- The Washington Times - Thursday, September 12, 2002

Election officials in Montgomery and Prince George's counties said yesterday that they are reviewing the delays caused by their new voting machines in Tuesday's primaries, but promised results would be quicker in the Nov. 5 general election.

Margaret Jurgensen, elections director for the Montgomery County Board of Elections, said the county advised voters and candidates as early as Aug. 15 that there would be delays in the results. They had anticipated results to be available by 8:50 p.m. 50 minutes after the polls closed but many results were not available until after 11 p.m.

The final totals for Montgomery County were not posted until early yesterday morning, and final results from Prince George's County were not expected until today.

"We are going through a debriefing today and seeing how we can best expedite the process for November," Ms. Jurgensen said yesterday.

Montgomery and Prince George's counties spent millions on the new computerized machines that allowed voters to select their candidate simply by touching a screen.

The totals then were collected on a disk and transmitted over phone lines to a central location for tallying. The machines were developed to ensure that problems like those arising in Florida during the 2000 general election did not occur in Maryland.

There also were reports that some Montgomery County votes had been lost or misplaced, something Ms. Jurgensen said she could not rule out.

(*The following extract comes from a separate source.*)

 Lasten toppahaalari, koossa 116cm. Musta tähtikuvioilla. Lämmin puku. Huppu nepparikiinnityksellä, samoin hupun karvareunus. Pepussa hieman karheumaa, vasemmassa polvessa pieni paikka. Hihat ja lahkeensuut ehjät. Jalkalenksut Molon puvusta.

"As we do our canvassing, we will be able to ascertain what happened," she said. Canvassing involves making sure that the number of voters who signed in matches the number of votes cast. Ms. Jurgensen said she expected to have this process done by Sept. 23.

The final statewide totals for Tuesday's primary were delayed because of technical problems in Prince George's County. Nine precinct totals were still outstanding as of 5 p.m. yesterday.

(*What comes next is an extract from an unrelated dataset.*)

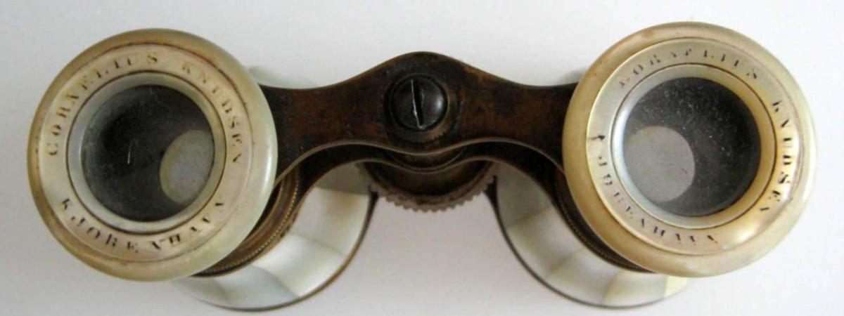 Teaterkikkert, 19. årh. Danmark, messing og perlemor. Signeret: Cornelius Knudsen, Kjøbenhavn. B.: 11 cm. L.: 7,5 cm.

"There was something wrong with the phone lines that would not allow them to transmit," said Alisha Alexander, assistant to elections coordinator for Prince George's County.

Transmission problems delayed the outcome of the tight Democratic primary in the 8th Congressional District. In a five-way race, state Sen. Christopher Van Hollen won the nomination with 43 percent of the votes to 41 percent for Delegate Mark K. Shriver. The margin was 2,409 votes out of 82,454 votes cast.

Democrats see Maryland's 8th District as a chance to win one of six seats needed to wrest the House of Representatives from Republican control. Mr. Van Hollen will face Rep. Constance A. Morella, an eight-term centrist Republican who had no primary opposition, in November.

"I am confident that if we unite the strengths of all those candidates as we go forward in November, we can win this race and take back the seat for the Democrats," Mr. Van Hollen said yesterday morning.

This article is based in part on wire-service reports.